EXERCISE BRIEF: The answer must consist only of the lines in the records below from the line with "Чёрный снуд-капюшон, длина" to the line with "왼쪽부터 은기환 후기청소년", both included, copied word for word with every picture left out.

[Stored data]
BEGIN

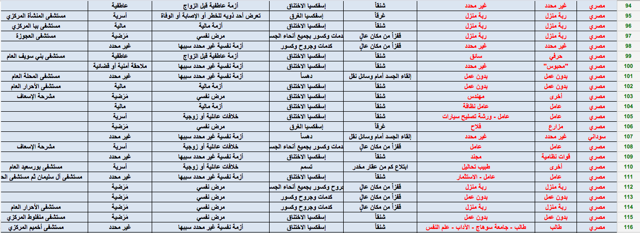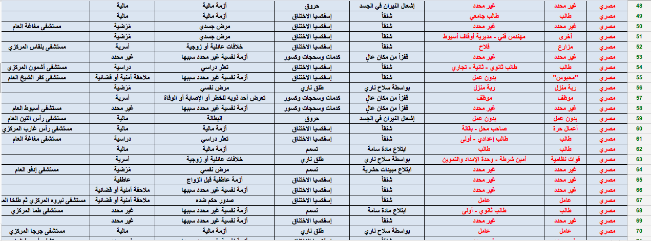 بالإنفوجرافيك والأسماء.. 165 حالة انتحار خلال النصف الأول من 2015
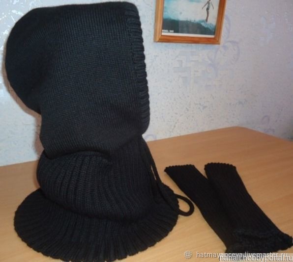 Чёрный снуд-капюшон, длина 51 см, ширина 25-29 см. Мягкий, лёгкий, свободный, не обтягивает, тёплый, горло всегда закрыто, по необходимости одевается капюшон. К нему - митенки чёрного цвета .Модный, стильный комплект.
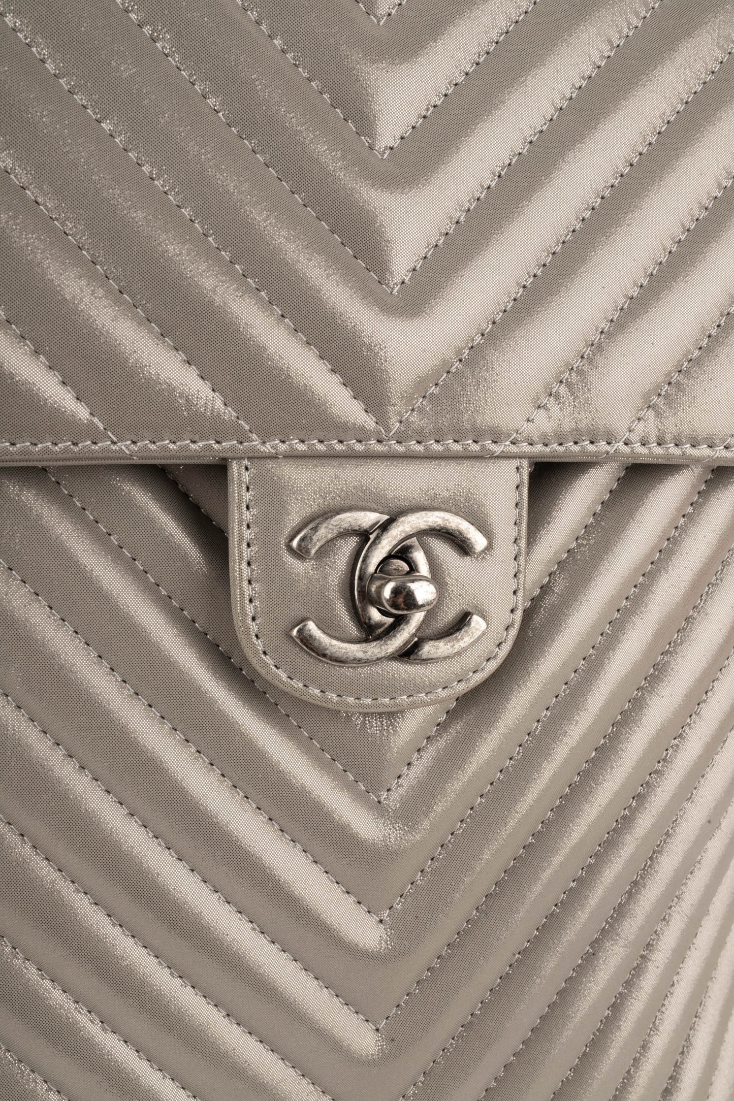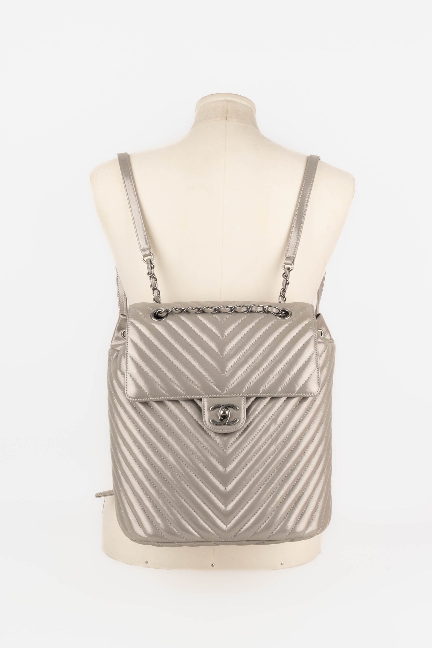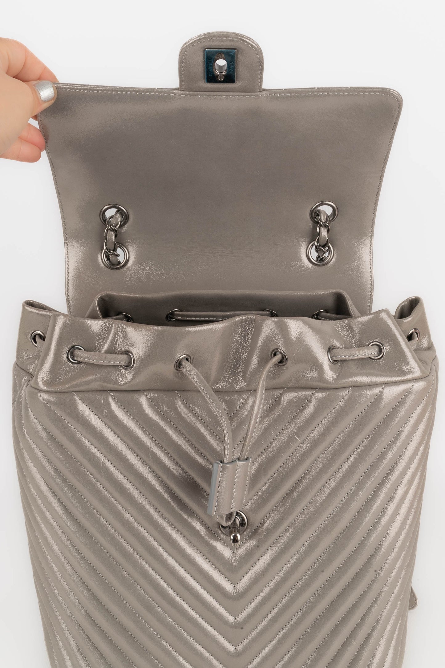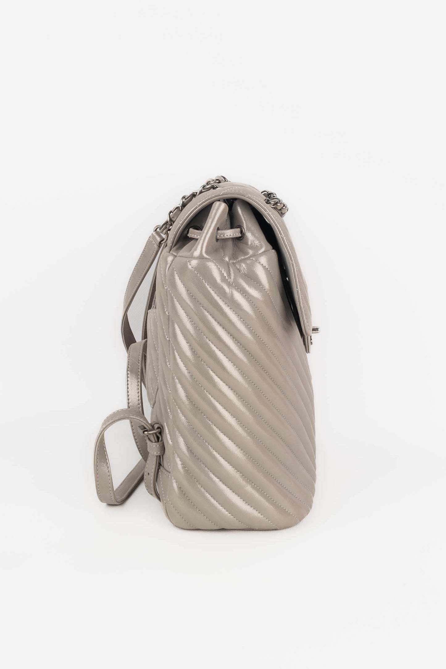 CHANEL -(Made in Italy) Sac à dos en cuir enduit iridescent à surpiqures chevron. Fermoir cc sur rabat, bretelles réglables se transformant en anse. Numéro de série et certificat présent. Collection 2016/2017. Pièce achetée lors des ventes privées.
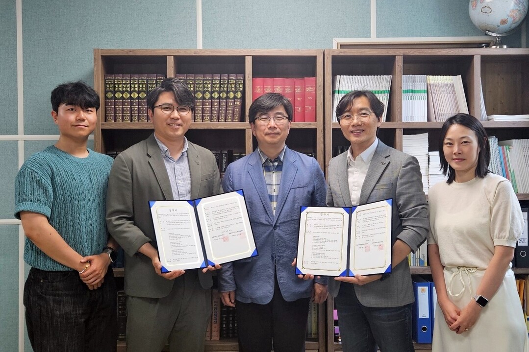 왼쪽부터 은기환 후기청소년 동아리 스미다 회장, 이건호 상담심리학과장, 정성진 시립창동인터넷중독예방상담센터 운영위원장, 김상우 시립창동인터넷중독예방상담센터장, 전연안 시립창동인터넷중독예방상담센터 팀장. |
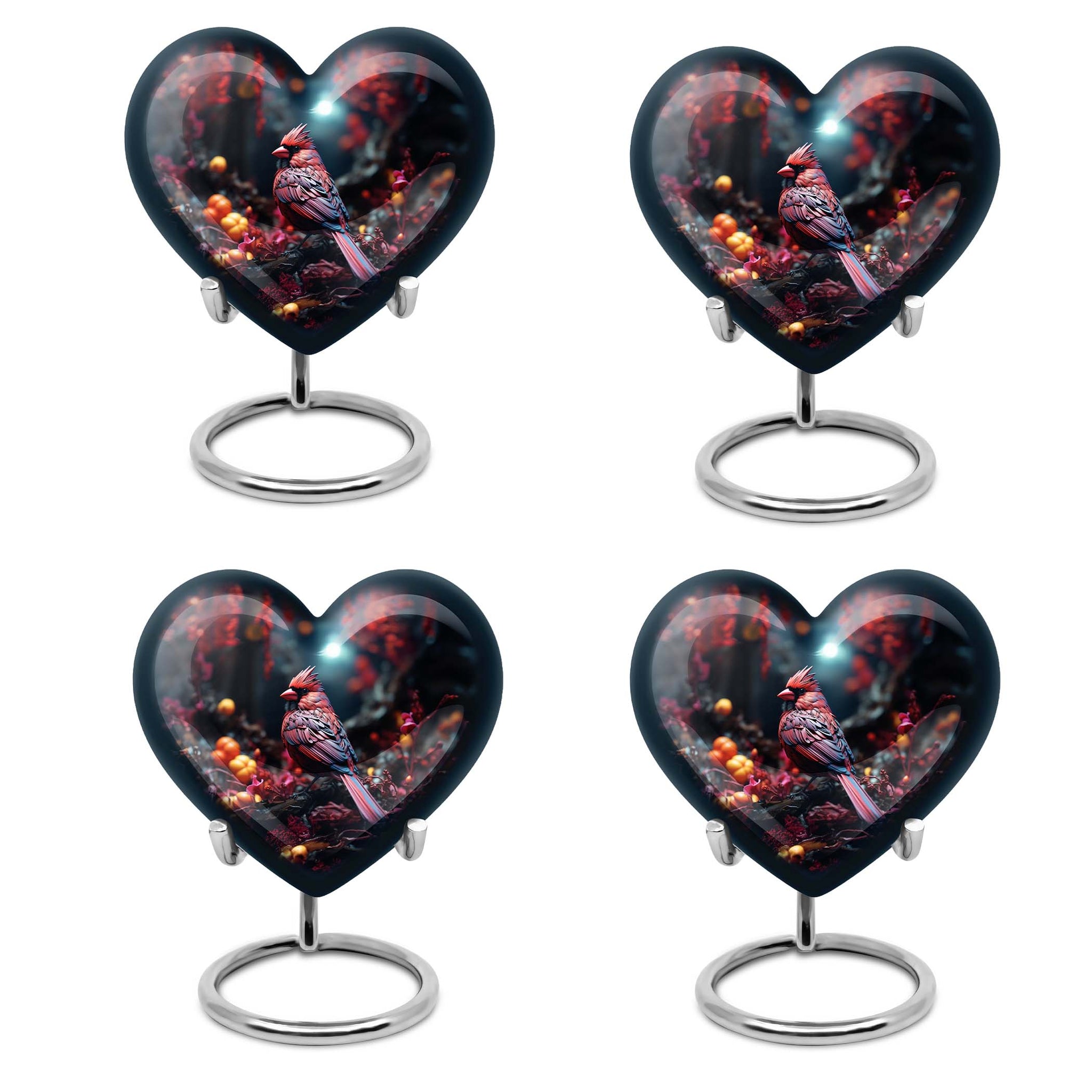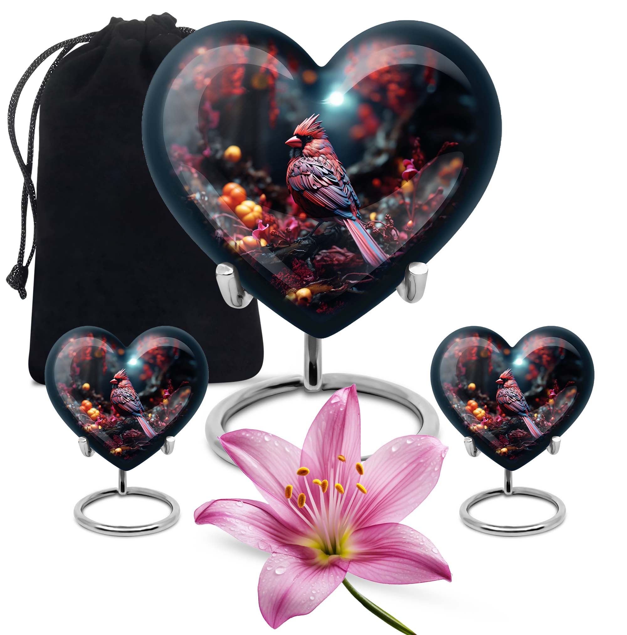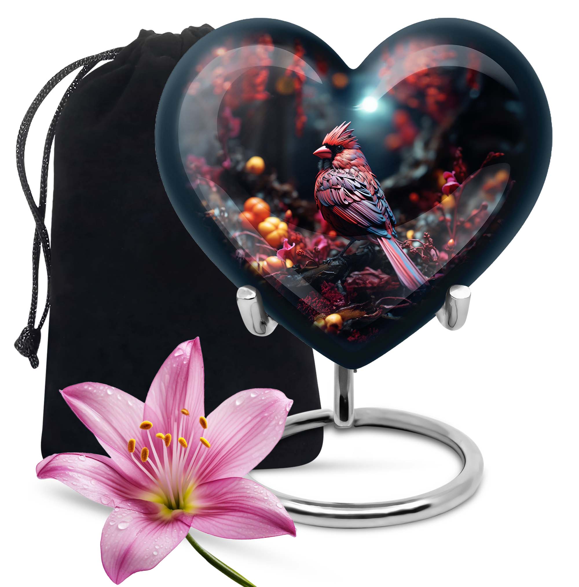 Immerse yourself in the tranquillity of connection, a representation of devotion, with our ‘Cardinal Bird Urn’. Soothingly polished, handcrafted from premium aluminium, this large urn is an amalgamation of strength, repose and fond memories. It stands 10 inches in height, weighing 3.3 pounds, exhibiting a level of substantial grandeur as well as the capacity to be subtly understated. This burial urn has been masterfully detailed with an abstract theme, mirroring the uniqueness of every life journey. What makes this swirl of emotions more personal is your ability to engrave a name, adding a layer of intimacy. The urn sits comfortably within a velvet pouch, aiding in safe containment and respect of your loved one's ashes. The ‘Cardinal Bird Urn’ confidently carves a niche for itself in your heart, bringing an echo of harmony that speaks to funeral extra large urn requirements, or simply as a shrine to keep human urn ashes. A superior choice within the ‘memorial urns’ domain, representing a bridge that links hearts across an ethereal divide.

END

ANSWER FOR THE TASK:
 Чёрный снуд-капюшон, длина 51 см, ширина 25-29 см. Мягкий, лёгкий, свободный, не обтягивает, тёплый, горло всегда закрыто, по необходимости одевается капюшон. К нему - митенки чёрного цвета .Модный, стильный комплект.
 CHANEL -(Made in Italy) Sac à dos en cuir enduit iridescent à surpiqures chevron. Fermoir cc sur rabat, bretelles réglables se transformant en anse. Numéro de série et certificat présent. Collection 2016/2017. Pièce achetée lors des ventes privées.
 왼쪽부터 은기환 후기청소년 동아리 스미다 회장, 이건호 상담심리학과장, 정성진 시립창동인터넷중독예방상담센터 운영위원장, 김상우 시립창동인터넷중독예방상담센터장, 전연안 시립창동인터넷중독예방상담센터 팀장. |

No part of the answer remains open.